Rob Citrone, fundador de Discovery Capital, citado por Reuters. Traducción propia.
“América Latina está fuera del favor de los inversores, pero precisamente por eso puede ser un buen lugar para buscar oportunidades.”
Helen Jewell, directora internacional de inversiones en renta variable fundamental de BlackRock, en una columna publicada por Reuters. Traducción propia.
1. Introducción: un poder que no necesita fronteras
BlackRock, Vanguard y State Street conforman el núcleo más poderoso de la gestión global de activos. BlackRock informó US$ 15,3 billones —trillions en la escala anglosajona— bajo administración al 30 de junio de 2026. Vanguard administraba US$ 11,9 billones al cierre de marzo, mientras que State Street declaraba US$ 5,6 billones. En conjunto, estas tres instituciones administraban alrededor de US$ 32,8 billones, una magnitud superior al producto interno bruto anual de la mayoría de las grandes potencias económicas.
State Street Global Advisors, nombre utilizado durante décadas, pasó a denominarse oficialmente State Street Investment Management. Sin embargo, su marca SPDR continúa siendo una de las mayores plataformas mundiales de fondos cotizados o ETFs.
La presencia de estas gestoras en América del Sur no adopta una única forma. En Brasil, Chile, Perú y Colombia aparece principalmente mediante acciones, ETFs e índices de mercados emergentes. En Argentina, Ecuador y Uruguay se observa con mayor claridad a través de bonos soberanos. En Guyana y Surinam emerge indirectamente por medio del petróleo, la infraestructura y las multinacionales que controlan los grandes proyectos extractivos.
El poder del Triángulo no consiste necesariamente en impartir órdenes directas a los gobiernos. Se manifiesta en algo más silencioso: decidir dónde se canaliza el capital administrado, qué activos entran en los índices, qué bonos reciben demanda internacional, qué empresas obtienen liquidez y qué mercados quedan excluidos de las grandes carteras.
2. Lo que significa —y lo que no significa— la presencia del Triángulo
BlackRock, Vanguard y State Street son administradores de activos pertenecientes a millones de ahorristas, fondos de pensiones, aseguradoras, bancos, gobiernos e instituciones. Por eso, cuando un fondo de BlackRock aparece como accionista de una empresa brasileña o chilena, no significa que todo ese capital pertenezca directamente a BlackRock.
Sin embargo, tampoco puede concluirse que las gestoras sean intermediarios pasivos sin influencia.
Los grandes administradores seleccionan productos, construyen carteras, replican índices, administran liquidez y votan en asambleas de accionistas. BlackRock informó que aproximadamente el 90 % de los activos accionarios públicos administrados para sus clientes estaba invertido en estrategias indexadas al 31 de marzo de 2026. Su división de stewardship participa en votaciones y mantiene reuniones con directorios y ejecutivos de las compañías incluidas en esas carteras.

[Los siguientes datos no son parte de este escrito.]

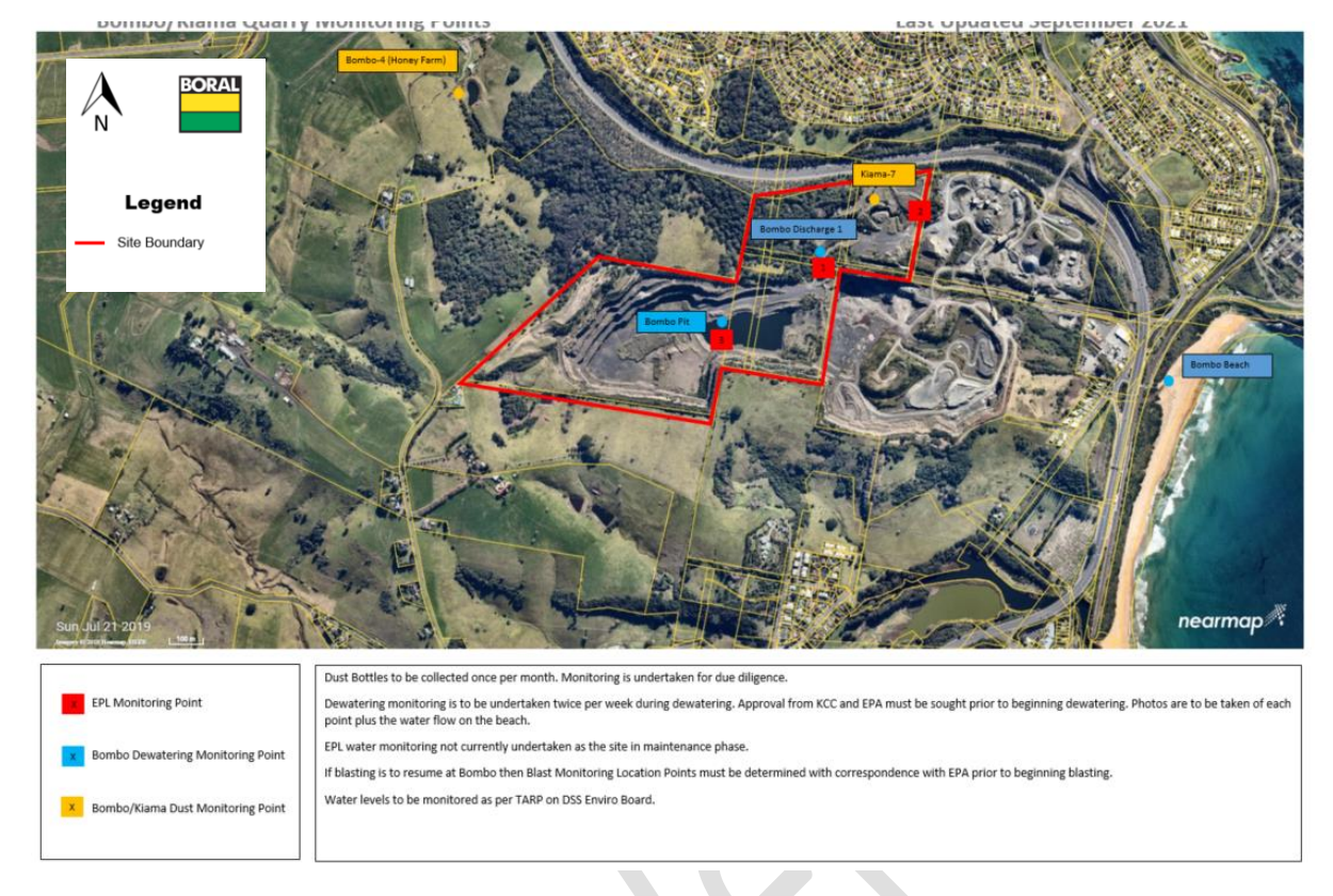
Figure 1 Bombo Quarry Site Layout

Vanguard también ejerce derechos de voto, aunque ha comenzado a transferir parte de esas decisiones a los propios inversores mediante su programa Investor Choice. En 2026, ese sistema abarcaba casi US$ 4 billones en activos elegibles y permitía a los participantes seleccionar políticas para votar sobre remuneraciones ejecutivas, integración de directorios y otros asuntos corporativos.
No existe evidencia pública de que las tres compañías actúen como una organización formal o que coordinen sistemáticamente decisiones para controlar países. La expresión “Triángulo de Poder” describe una concentración estructural: tres administradores que aparecen repetidamente en los mismos mercados, empresas e instrumentos financieros debido a su extraordinaria escala.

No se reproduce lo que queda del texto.